Please filter the data below down to the lines holding the string "Graco".

*** Block opens ***

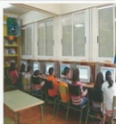
Nenos e nenas no recuncho informático

un novo horario nos recreos para o uso da biblioteca e dos ordenadores debido a que erades moitos os que viñades cambiar libros e a empregar o ordenador.
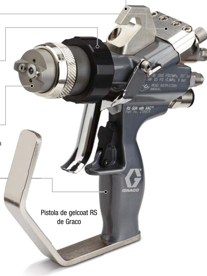
Pistola de gelcoat RS de Graco

Las pistolas de gelcoat y de corte RS de Graco están disponibles en modelos de mezcla interna y externa
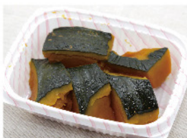
南瓜煮 150g 200円(税込)
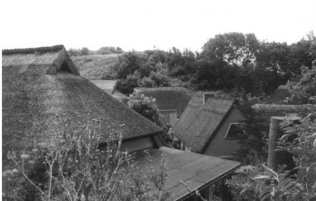
Fot. 6. Położona przy klifie wioska rybacka Witt ze względu szczupłość miejsca ma b. zwartą zabudowę i nieregularny plan.

Mi-ddehagen ma podobny kształt przestrzenny. W obu wymienionych przypadkach obiekty są już mocno przebudowane, ze stopniową wymianą drewnianej konstrukcji ryglowej na murowaną z czerwonej cegły.
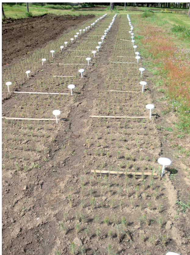
Figura 1. Ensayo de APS de Pino Ponderosa establecido en el Campo Forestal Gral. San Martín del INTA, en Las Golondrinas. Plantas recién repicadas, con 1 año de edad.

En Trevelin la siembra se realizó en 7 surcos longitudinales al almácigo, separados entre sí unos 15 cm. Ya que las plantas no serían repicadas, se dispuso el diseño experimental desde la siembra, que también fue en parcelas completamente aleatorizadas. Por escasez de semillas, dos de las 31 APS no pudieron ser ensayadas en Trevelin. El 12 de marzo de 2009 se realizó la poda de raíces en el sitio, con una cuchilla subsoladora tirada por un tractor a una profundidad de 15 cm. En la semana siguiente se llevó
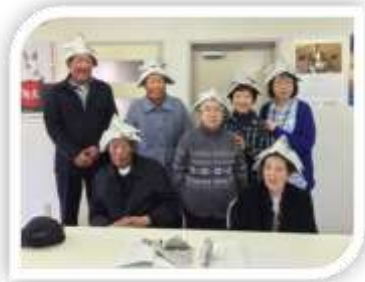
手稲区前田「移動教室」
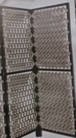
Sopra, paravento in pelle intrecciata diagonale e struttura in legno, PINETTI (1.840 € su ARTEMEST).

Curve, intagli, incastri, percorsi divergenti. Le linee guida degli accessori convergono sul dinamismo e sulle geometrie inaspettate.
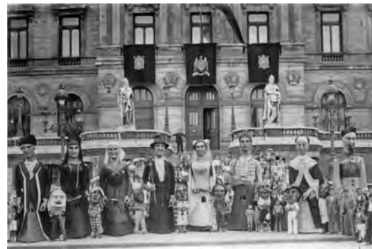
Generación de 1938-45ko Belaunaldia .

*** Block closes ***

* [ANSWER TO THIS PROBLEM]:
Pistola de gelcoat RS de Graco
Las pistolas de gelcoat y de corte RS de Graco están disponibles en modelos de mezcla interna y externa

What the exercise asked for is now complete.